Suspended Hawks boss Johan Booysen has hit back at prosecutions head Nomgcobo Jiba, calling her “mendacious” and “deliberately obtuse”.
|||Durban - Suspended Hawks boss Johan Booysen has hit back at prosecutions head Nomgcobo Jiba, calling her “mendacious” and “deliberately obtuse”, in his latest responding affidavit in a bid to have racketeering charges against him and the alleged Cato Manor “death squad” dropped.
Booysen had made the initial application challenging the racketeering charges against him and 27 members of the disbanded Cato Manor Serious and Violent Crime Unit in court, maintaining there is no evidence against him to warrant his prosecution.
Booysen had asked the court to declare the decision by the national director of public prosecutions to authorise the racketeering charges null and void.
He insisted that the decision was an “abuse’’ and was based on “lies’’ or “pressure’’ from those who want to “prevent me from doing my job”.
The application, brought by Booysen in the Durban High Court, will need to be heard before the trial of the unit members can move forward.
In response, Jiba said that in deciding to charge Booysen with racketeering, she relied particularly on four statements obtained during the investigation.
Of the four statements, one remains unsigned, one was made after she authorised the racketeering prosecution and another was made by a man who is now dead.
Jiba referred to statements by former Cato Manor unit commander Colonel Rajen Aiyer, Aris Danikas, a former police reservist and friend of Booysen now living in Greece, and one Ndlondlo, who said he was a police informer.
Booysen, in his affidavit, challenged her argument, saying that Aiyer’s statement “amounts to nothing more than complaints of office politics and does not provide a shred of evidence or information to support the authorisation to prosecute me on charges of racketeering”.
He said one of Aiyer’s statements was deposed two weeks after Jiba’s decision to pursue charges of racketeering, making her contention that she had considered his evidence as misleading.
As for the statement of Danikas, Booysen said it “cannot even be said to constitute information” because it is neither signed nor dated.
His statement also appeared to have been obtained long after the decision was made to prosecute Booysen.
The statement of Ndlondlo, Booysen maintained, is “replete with hearsay evidence” and should have been ignored.
“The first respondent is mendacious when she asserts she considered the statements together with other information in the docket before making the impugned decision. She could not have considered the statements referred to in her answering affidavit,” he said.
The Hawks boss said that Jiba, in charging him and his subordinates with racketeering, failed to comply with the NPA’s criteria governing the decision to prosecute.
“The first respondent (Jiba) would not have, and could not have, authorised my prosecution had she properly applied the NPA policy directives,” his affidavit read.
In her responding affidavit, Jiba said information given under oath was that Booysen knew, or should have known, that his subordinates were killing suspects instead of arresting them.

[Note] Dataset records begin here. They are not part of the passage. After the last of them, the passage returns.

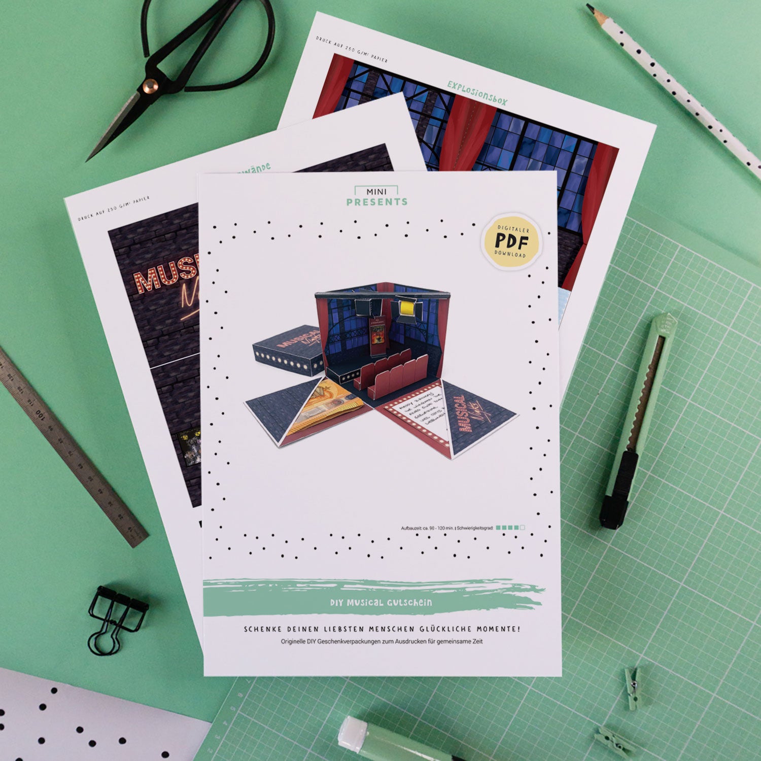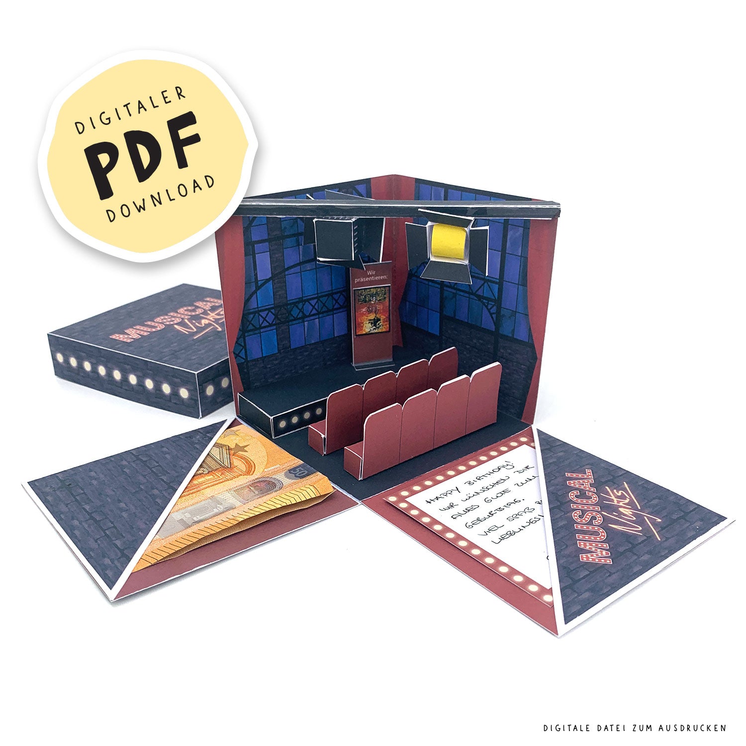 - Dieses Produkt ist eine Explosionsbox zum sofortigen Download und basteln. Eine ganz besonders kreative Geschenkverpackung für Musicalkarten oder einen Musicalgutschein.
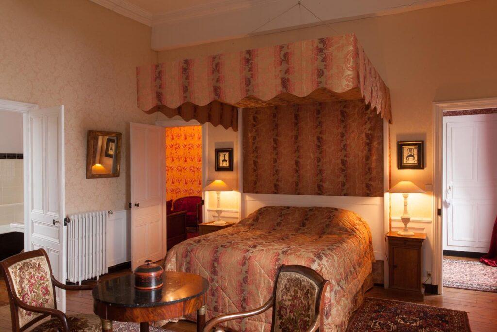 Située au premier étage du château avec une vue exceptionnelle sur les jardins en terrasse. Un grand lit à baldaquin et 2 lits séparés dans chambres communicantes.
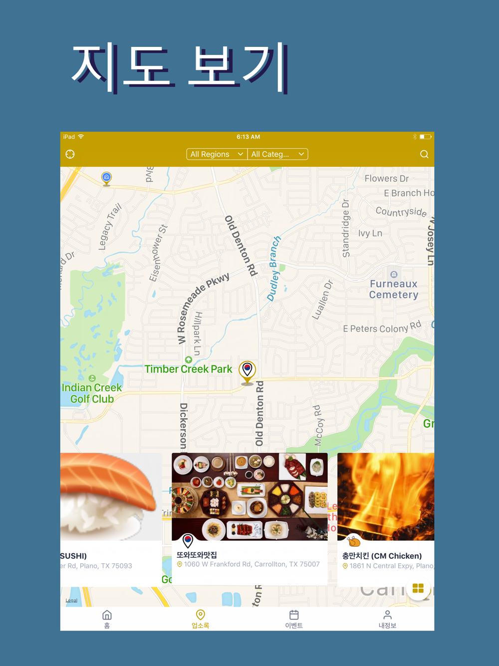 이 앱은 달라스의 한인식당, 맛집, 여행 등의 정보와 위치를 제공하고 달라스 여행에 필요한 이벤트 정보를 제공합니다.
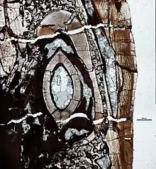 Thin sections are prepared by first embedding a suitable specimen in epoxy resin. The embedded specimen can then be mounted and cut with a precision saw.[6] The resulting slice is attached to a slide and ground down, then polished, until it is thin enough, with a suitable surface to be examined with a microscope.[6]
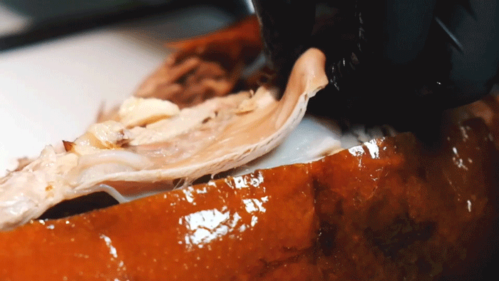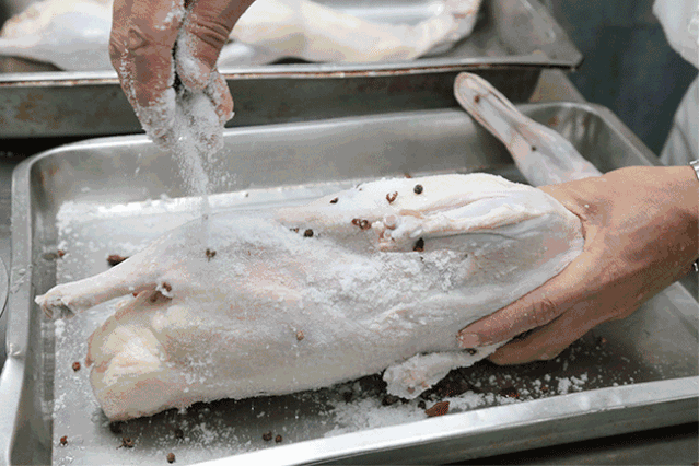 金陵烤鸭的精髓,就在那酸甜适口的秘制红卤,单是卤汁,就会加上十余种香料,使其香气四溢。
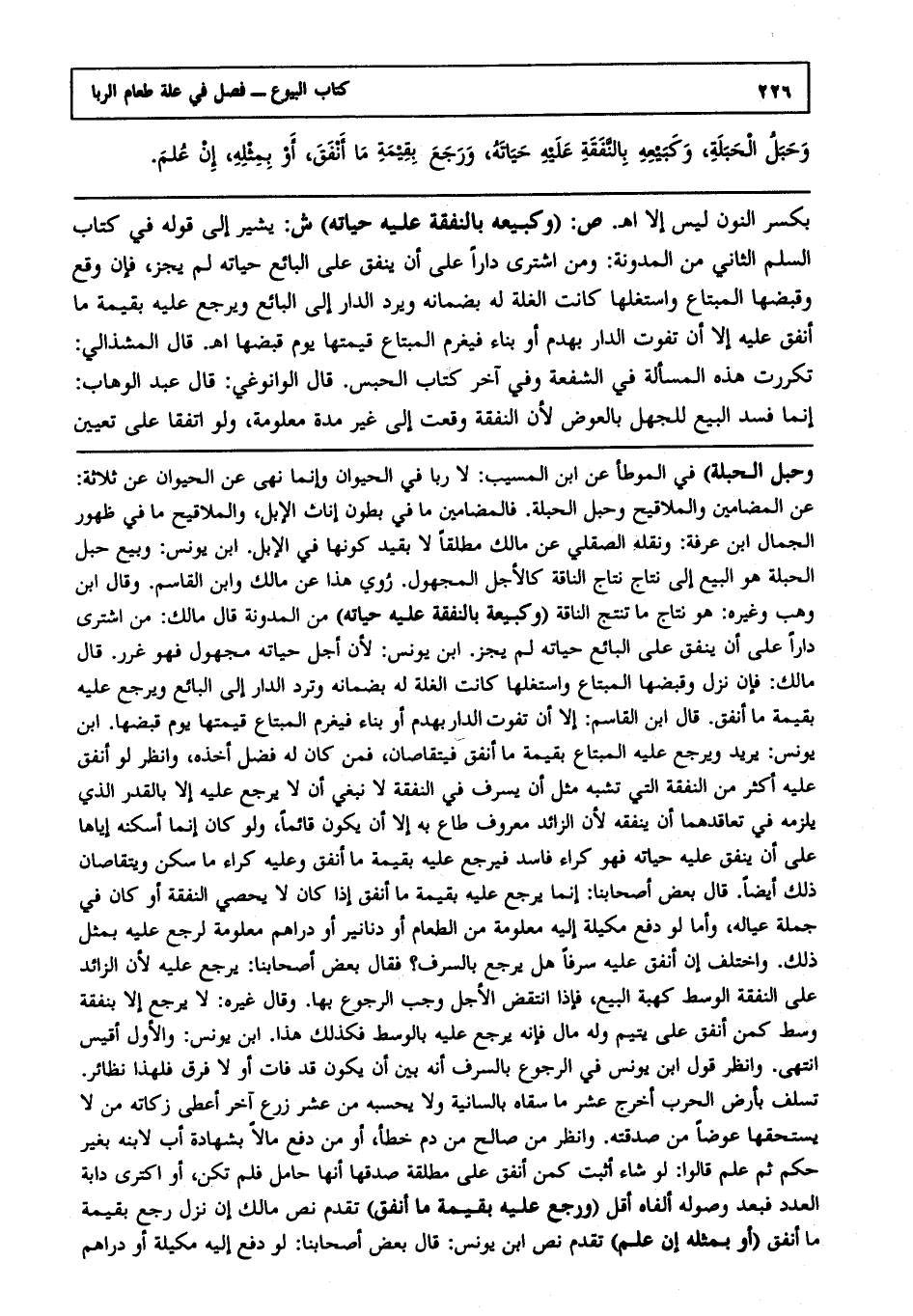 وحبل الحبلة, وكبيعه بالنفقة عليه حياته, ورجع بقيمة ما أنفق, أو بمثله, إن علم.
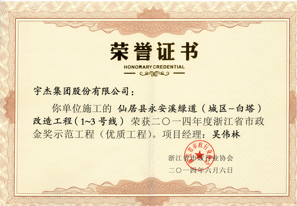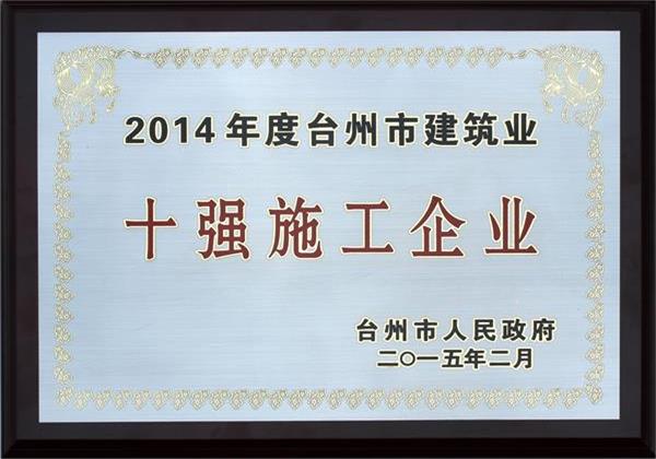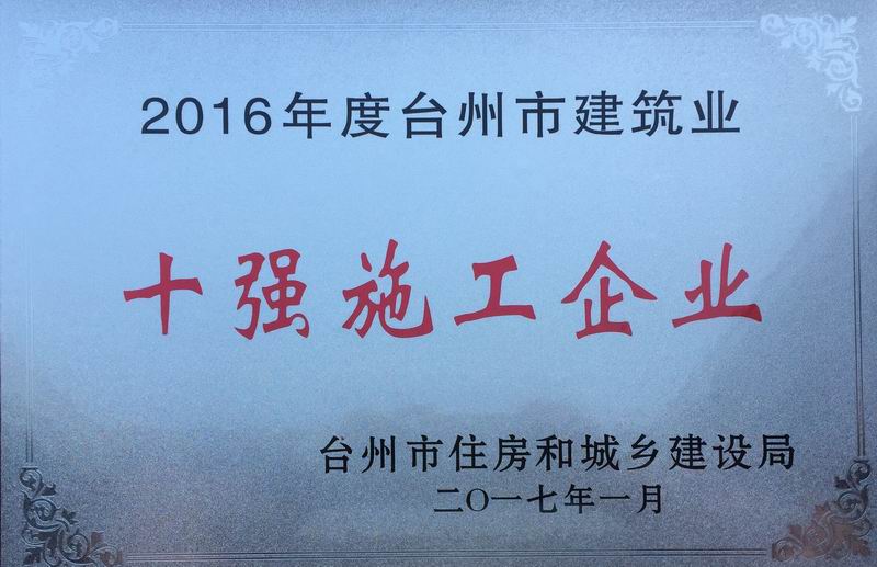 社会荣誉 守合同重信用企业. 省级工法 国家级工法 浙江省企业技术中心 浙江省文明单位 浙江省模范集体 浙江国际工程十年先锋人物奖杯 台州市建筑业十强施工 浙江省著名商标 浙江省对外承包工程十强企业 台州市“走出去”发展优秀施工企··· 台州市建筑业十强施工企业 国家工商总局“守合同、重信用”··· 2014年度浙江省市政金奖示范工程··· 2014年度浙江省优秀市政工程项目··· 2014年度浙江省市政行业优秀职业··· 2014年度浙江省市政行业先进单位 中国市政金奖杯 浙江市政标化工地 钱江杯 重庆市政金奖 江西省优良奖 括苍杯奖 西湖杯
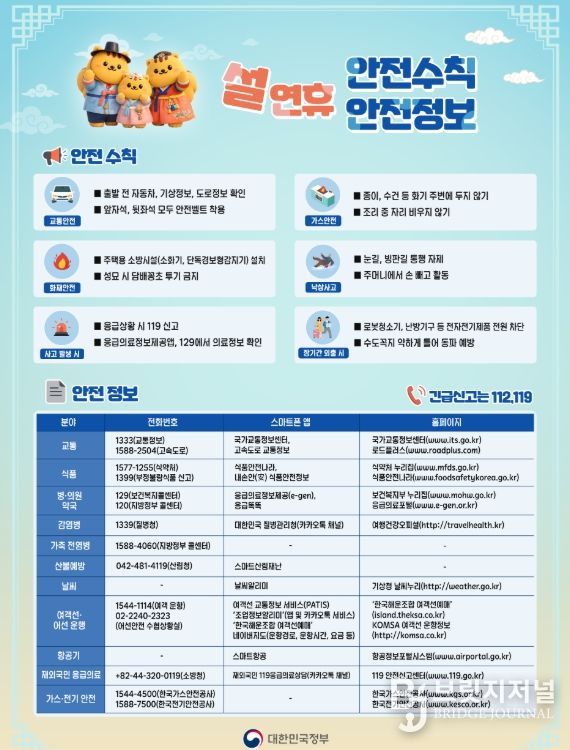 브릿지저널 김경미 기자 | 행정안전부는 국민께서 안전하고 즐거운 설 명절을 보낼 수 있도록 중앙 및 지방정부 합동으로 ‘설 연휴 안전관리 대책’을 추진한다.
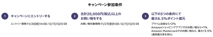 アマゾンブラックフライデー&サイバーマンデー最大6.5%還元がヤバい!最大10,000ポイントが貰える!【要エントリー】
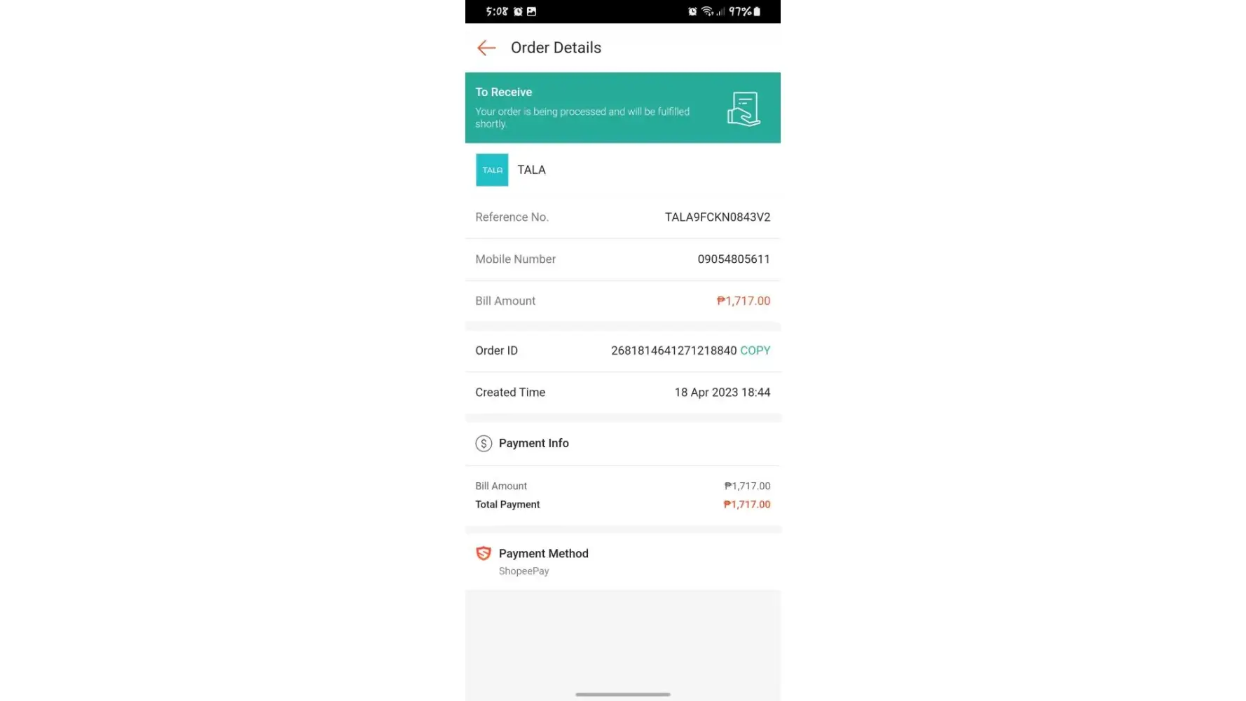 I pay my loan on tala loans April 18, 2023 at exactly 6:44 pm. Supposedly it will say order received after a few hours. But it is past 24 hours. My loan on tala add interest today. Until now the payment does not reflect on the app and the bill is still processing until now April 19, 2023. I need to refund my money. I'll pay it on gcash. Give back my money. I have proof of pictures, receipt of transaction. I emailed shopee, but they did'nt assist me.
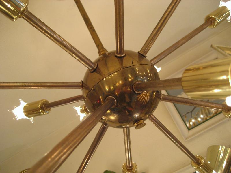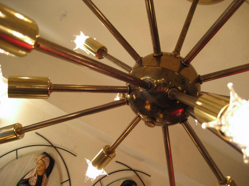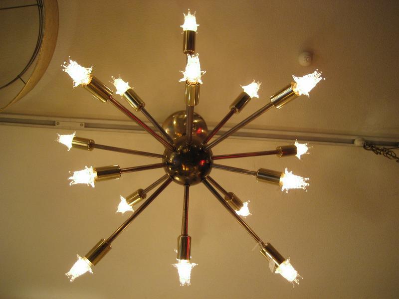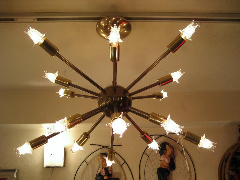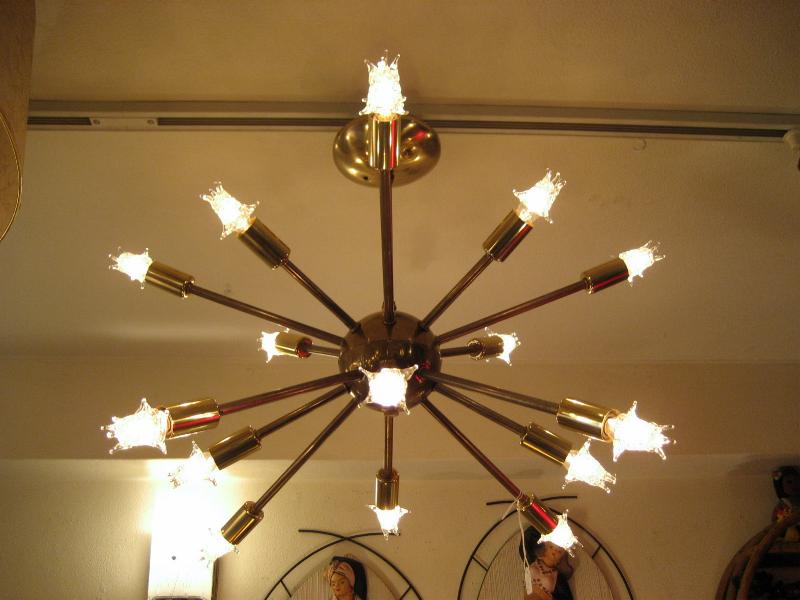 | スプートニクランプ 50年代 16灯タイプ (スター球16個付き) オリジナルビンテージのスプートニクシーリングランプ / シャンデリア 16発のスプートニクです。電源は家庭用引っ掛けシーリングに交換済ですのですぐに使用できます。 スター球は現行品です。 |
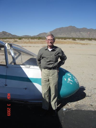 This was the standard "First Solo" picture - November 3rd, 2009. The glider is a trainer, Schweizer SGS2-33A. The paint on the nose is worn, but it performs as it should. It has recently been repainted. My Practical Test with an FAA designated examiner was completed on December 2nd. http://www.azsoaring.com/
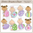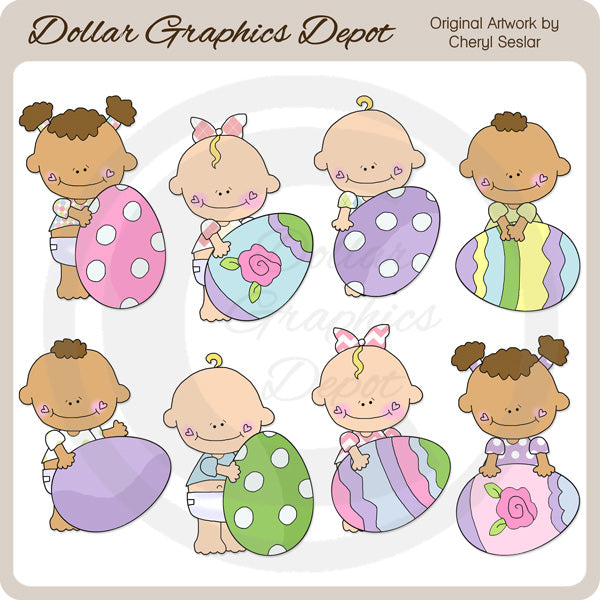 This collection includes adorable baby boys and girls with diapers, t-shirts, pretty hair bows, and painted Easter eggs. This set contains 8 graphics.
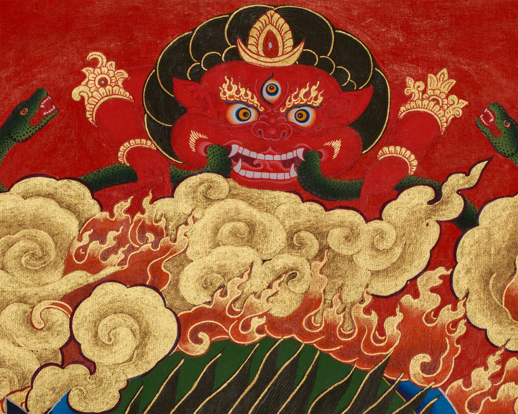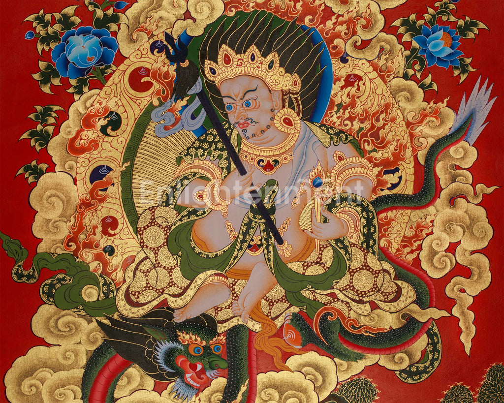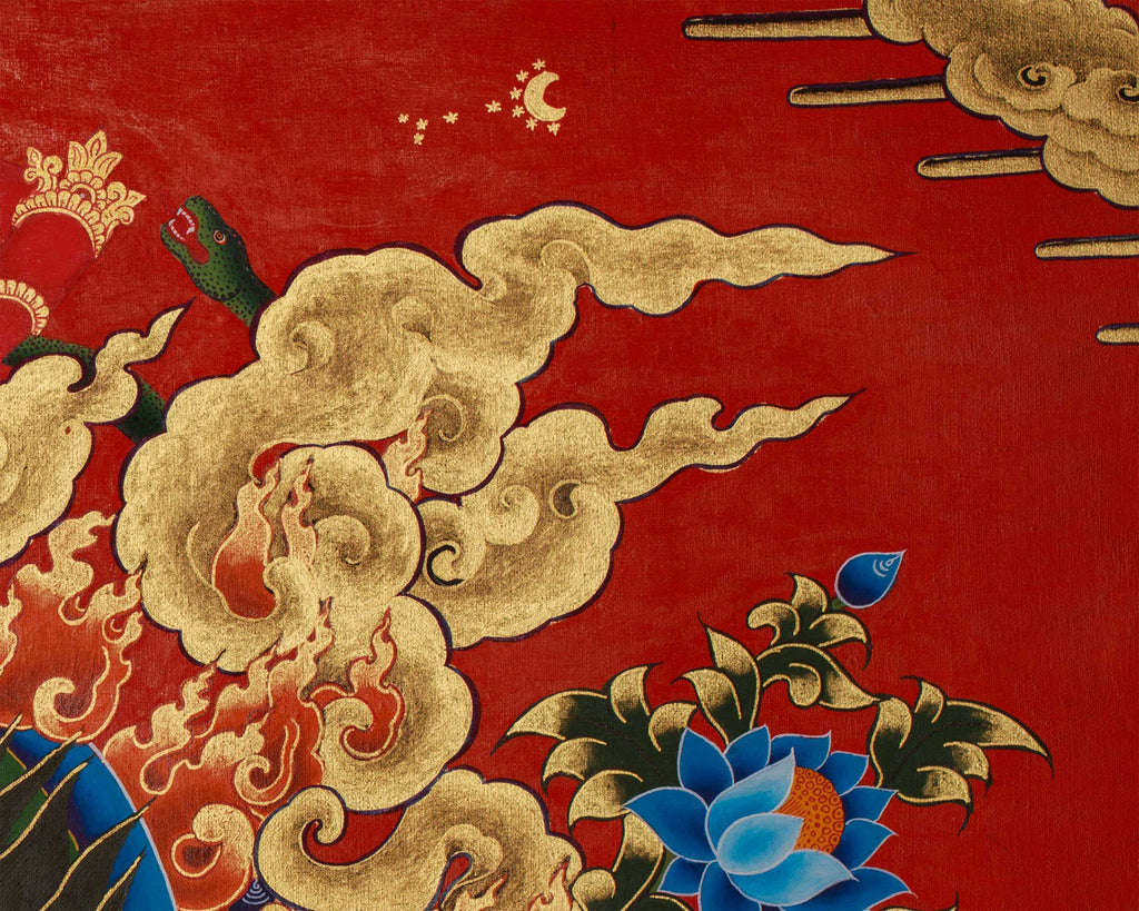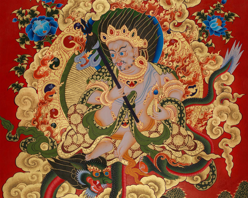 White Dzambhala Thangka is a powerful Tibetan symbol of wealth and prosperity. The deity is portrayed in a dynamic, seated posture atop a dragon. The dragon symbolizes protection, movement, and mastery over obstacles while holding a trident-tipped staff, symbolizing dominion over opposing forces. Surrounding Dzambhala are swirling golden clouds and luminous floral motifs. The wrathful guardian face of Kirtimukha emerges from the clouds, protecting the spiritual sanctity of the deity's domain.

Further, there was information that the killings were, in certain circumstances, motivated by a desire by Booysen and members of the unit to “enrich themselves” through state monetary awards and certificates of excellence.
Booysen countered her claim, insisting he was never in direct command of the unit and there was no evidence that he had colluded in a cover-up of killings.
He added that monetary incentives were issued on the instruction of the national police commissioner.
“How I and others entertained a desire to enrich ourselves through a mechanism that is applied nationwide in the SAPS and subject to the scrutiny of the national commissioner escapes me,” he said.
“My innocence is not the issue, although I emphatically deny the allegations of any wrongdoing. The issue at hand is whether she had reliable, admissible and prima facie evidence before her when she took the impugned decisions.
“I reiterate that I am not entitled to, nor do I require, preferential treatment. I am, however, entitled to challenge the irrational and unconstitutional decisions of the first respondent without having to wait for a criminal trial to start and having to incur the expense involved in preparing for the same (such a trial),” the affidavit read.